Quatrième règle. Une proposition particulière affirmative ne peut être convertie en une autre universelle affirmative. Ainsi on ne pourrait pas changer cette proposition, Quelque homme est animal, en celleci, Tout animal est homme.

Quant aux règles particulières à suivre pour la conversion des propositions négatives, on en compte trois, les voici :

Première règle. Une proposition universelle négative peut être convertie en une autre universelle négative. Ainsi cette proposition, Aucun cercle n'est triangle, peut être convertie en cette autre universelle négative, Aucun triangle n'est cercle.

Deuxième règle. Une proposition universelle négative peut être convertie en une autre négative particulière. Ainsi cette proposition, Aucun esprit n'est corps, peut être convertie en celle-ci, Quelque corps n'est point esprit.

Troisième règle. Une proposition particulière négative ne peut être convertie, ni en une négative universelle ni en une négative particulière. En effet, on sait que l'attribut des propositions négatives est toujours pris dans un sens universel. Or cela étant, il en résulte qu'il ne peut pas être remplacé par un sujet pris dans

un sens particulier, et, par conséquent, une proposition particulière négative n'a pas de converse, c'està-dire ne peut pas être convertie. Ainsi, dans cette proposition, Quelque homme n'est point médecin, le sujet homme est pris particulièrement et ne peut point, par cette raison, devenir attribut d'une proposition négative sans changer de nature, puisqu'alors il serait pris dans toute son étendue.

Il en serait de même de la proposition suivante, Quelque animal n'est pas homme, qui ne peut être convertie ni en cette universelle négative, Aucun homme n'est animal, ni en cette particulière négative, Quelque homme n'est pas animal; parce que, dans ces deux dernières, l'attribut animal est pris selon toute son étendue, tandis que, dans celle à convertir, comme sujet d'une proposition particulière, il n'était pris que selon une partie de son étendue.

Concluons de ce qui précède, que toute proposition n'est pas essentiellement susceptible de conversion, et qu'il n'y a réellement que les universelles affirmatives, les particulières affirmatives et les universelles négatives qui jouissent de cette propriété.

Il faut remarquer aussi que la conversion n'est pas la seule transformation qu'une proposition puisse subir; car, outre qu'une proposition peut être convertie, elle peut aussi être traduite et divisée.

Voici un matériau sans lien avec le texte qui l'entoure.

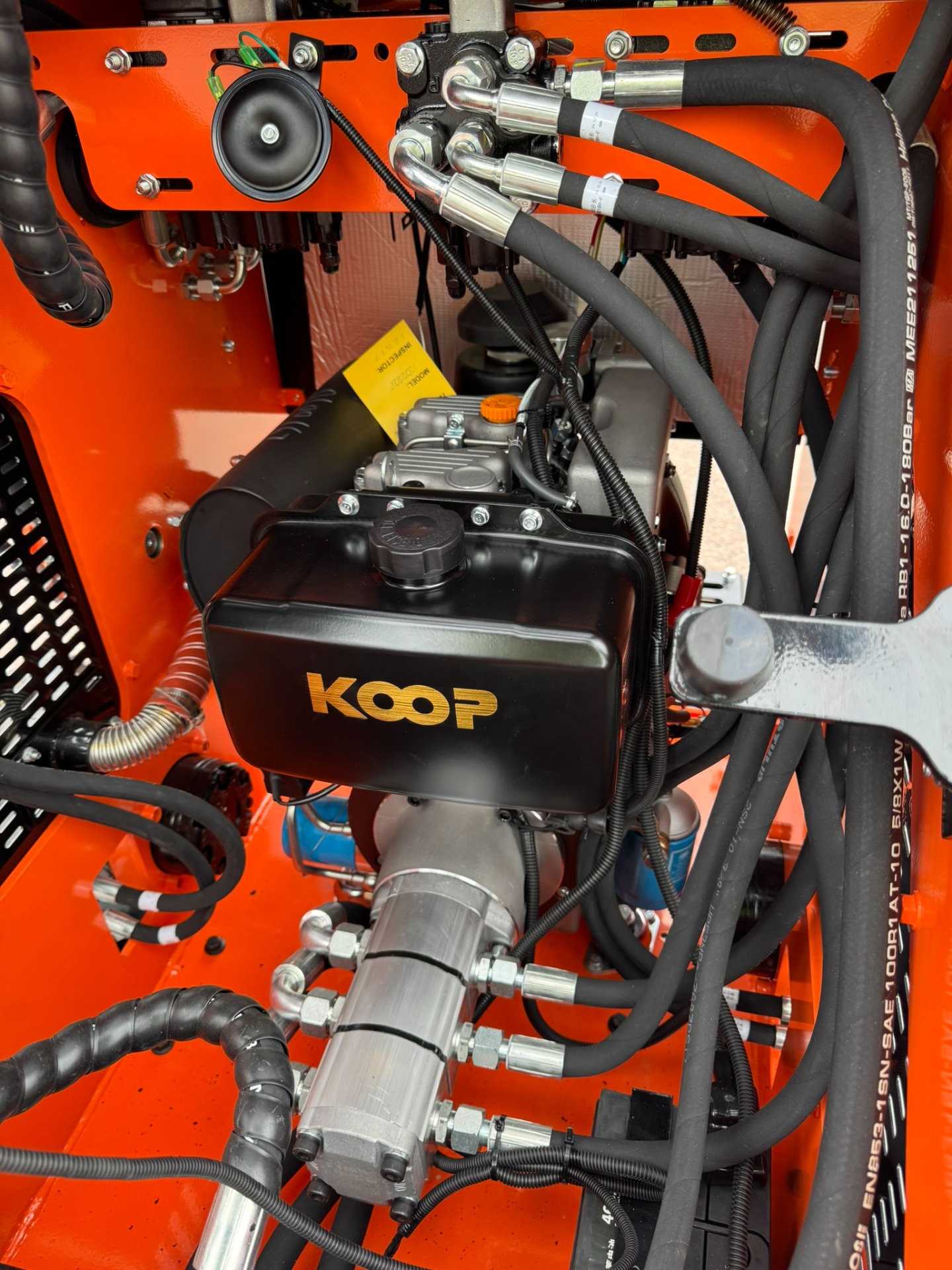 Motoralternativ: Tvåcylindrig RATO (bensin) på 20,4hp eller KOOP´s tvåcylindriga dieselmotor på 19hp. Bredd 1030mm, lyftkapacitet 400kg och maskinvikten ligger på 900kg. Ett riktigt kraftpaket. Hastighet 4 km/h.
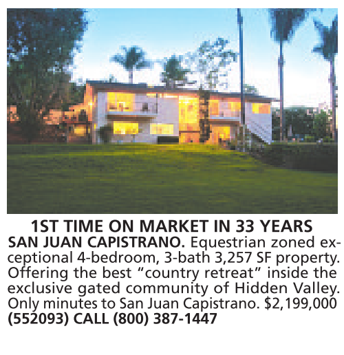 Only minutes to San Juan Capistrano. $2,199,000 (552093) CALL (800) 387-1447
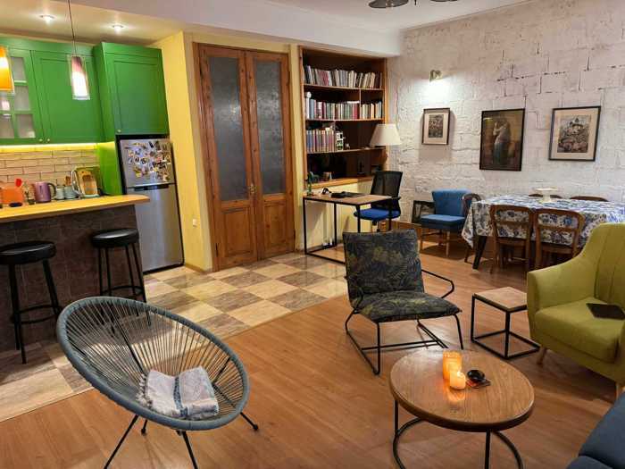 It takes 10 minutes to walk from Delisi Metro. There are three bedrooms, two sunny and bright, while one is with secondary lighting, the living room is also bright with a large window. The apartment has a bathroom, a spacious kitchen, and a studio-type living room. The apartment features tiles and a bathroom. The price of the apartment in this condition is 115000.

Traduire une proposition, c'est l'expliquer, l'interpréter, l'éclaircir, ou bien lui en substituer une autre qui exprime la même pensée, mais en des termes plus clairs que ceux de la première proposition, ou

plus connus de la personne en faveur de laquelle on traduit.

La diviser, c'est la décomposer en toutes les propositions simples dont elle se compose, ou qu'il importe d'y reconnaître.

- D'où il suit qu'en général les propositions peuvent admettré trois sortes de transformations, la conversion, la traduction et la division.

Mais, de même que toutes les propositions ne peuvent pas êtres converties, toutes ne peuvent pas non plus être divisées ou traduites.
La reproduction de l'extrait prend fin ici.